Here's a simple, unoptimized Haskell implementation for a mixture-of-Gaussians Gibbs sampler. It's pretty basic, but you get the idea:
import System.Random
import Control.Monad.State
type ModeList = [(Double, Double)] -- A list of mean/stdev pairs, for each mode.
-- Generate a Gaussian (0, 1) variate.
boxMuller :: StdGen -> (Double, StdGen)
boxMuller gen = (sqrt (-2 * log u1) * cos (2 * pi * u2), gen'')
where (u1, gen') = randomR (0, 1) gen
(u2, gen'') = randomR (0, 1) gen'
sampler :: ModeList -> State StdGen Double
sampler modeInfo = do
gen <- get
let n = length modeInfo
(z0, g0) = boxMuller gen
(c, g1) = randomR (0, n - 1) g0 -- Sample from the components.
(cmu, csig) = modeInfo !! c
put g1
return $ cmu + csig * z0 -- Sample from the conditional distribution.
Here's a example run: sampling 100 times from a one-dimensional mixture of two Gaussians. The modes are at x = -3 and x = 2.5, and each mixture component has its own separate variance. You could add as many modes as you want here.
main = do
let gen = mkStdGen 42
modeInfo = [(2.5, 1.0), (-3, 1.5)]
samples = (`evalState` gen) . replicateM 100 $ sampler modeInfo
print samples
Here's a smoothed density plot of those 100 samples (using R and ggplot2):
A more general purpose algorithm would be a rejection or importance sampler, and in the case of more complicated distributions you're probably going to want to hand-roll an appropriate MCMC routine. Here is a good introduction to Monte Carlo and MCMC.
Hmmmm. The best way I'm familiar with is to adapt the MonadRandom package to get a "probability monad", borrowing some tools from http://en.wikipedia.org/wiki/Normal_distribution#Generating_values_from_normal_distribution :
getRandomStrictlyBetween :: (Ord a, Random a, RandomGen m) =>
(a, a) -> a
getRandomStrictlyBetween (lo, hi) = do
x <- getRandomR (lo, hi)
-- x is uniformly randomly chosen from the *closed* interval
if lo < x && x < hi then return x else getRandomStrictlyBetween (lo, hi)
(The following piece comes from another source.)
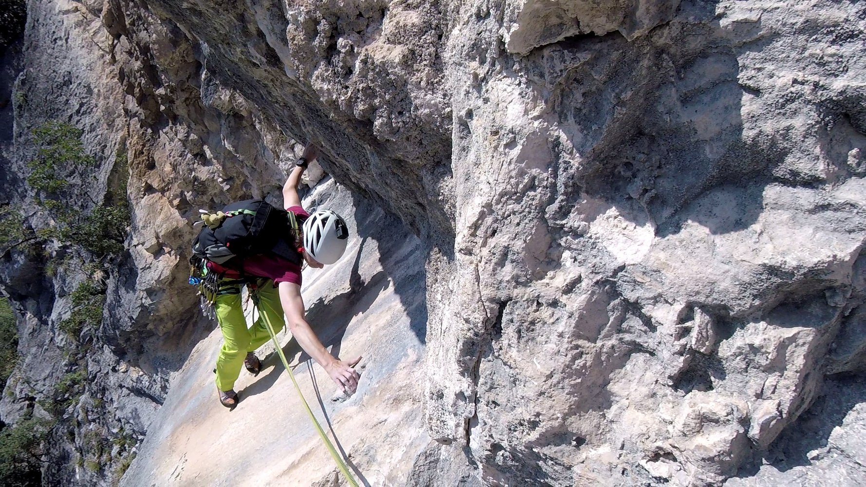 Die Tour ist mit Bohrhaken und vielen Sanduhren recht gut abgesichert. Evtl. ist einmal ein kleinerer Cam nützlich, aber nicht unbedingt notwendig.

normalValue :: MonadRandom m => m Double
normalValue = do
u <- getRandomStrictlyBetween (0, 1)
v <- getRandomStrictlyBetween (0, 2 * pi)
return (sqrt (-2 * log u) * cos v) -- according to Wikipedia
and then you can derive more or less arbitrary distributions; for example, to get the distribution of a random variable that is y with probability p and z with probability (1 - p), you just write
do alpha <- getRandom -- double chosen from [0, 1)
if alpha < p then y else z
of which bimodal distributions appear to be a special case. To sample from these distributions, just do evalRandIO distribution to sample in the IO monad.